Install the tool on your PC – you may have to override any security warnings by Windows defender about the publisher being “unknown”. Daniel is a good guy, so you can proceed with the installation with safety. You can then create a shortcut to the TabularEditor.exe file and pin it to Start for easy access.  Make sure you leave the option to add a shortcut checked during installation.

After installation, run Tabular Editor and take a look. It looks like this.

Tabular Editor 1

Enable the New Metadata in Power BI Desktop

You will need the March 2020 or later release of Power BI Desktop. You can check the version of your Power BI Desktop from the menu – Help -> About. Once you have the March 2020 or later version of Power BI Desktop, you need to enable the preview feature. Go to File -> Options and settings -> Options.  Then click on Preview Features (#1 below) and check the box to enable the feature (#2 below).

Tabular Editor 2

Close and restart Power BI Desktop to make the feature active.  Strictly speaking you don’t need to do this to use Tabular Editor in the unsupported way using the template file.  But then again, why wouldn’t you use it given this is the future.
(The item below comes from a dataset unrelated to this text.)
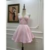 Faitpar Romantic Girl Sweet Style Honey Pink Color Stripes Mesh Cinched Figure Flattering Puffy Dress Sling Dress — koupit online v obchodě na marketplace Joom

Creating a Power BI Workbook Template File

In order to utilise the functionality of Tabular Editor with Power BI Desktop, you need to save your Power BI workbook as a Power BI Workbook Template file. For illustration, I have taken a Power BI Desktop workbook (.pbix) with a basic version of Adventure Works data model loaded, and saved it as a Template (.pbit) file (#1 below).

Tabular Editor 3

This is the file (.pbit) that you can use in the Tabular Editor as of now.  The template file contains all the structure of the PBIX file, but it doesn’t contain any of the data.

Opening the PBIT File in Tabular Editor

In Tabular Editor, click on File (#1 below), then on Open (#2 below) and then on From File (#3 below).

Tabular Editor 4

Navigate to the saved .pbit file and open it. You might get a warning message as Power BI does not yet support all the Tabular Editor features. Click on OK and proceed.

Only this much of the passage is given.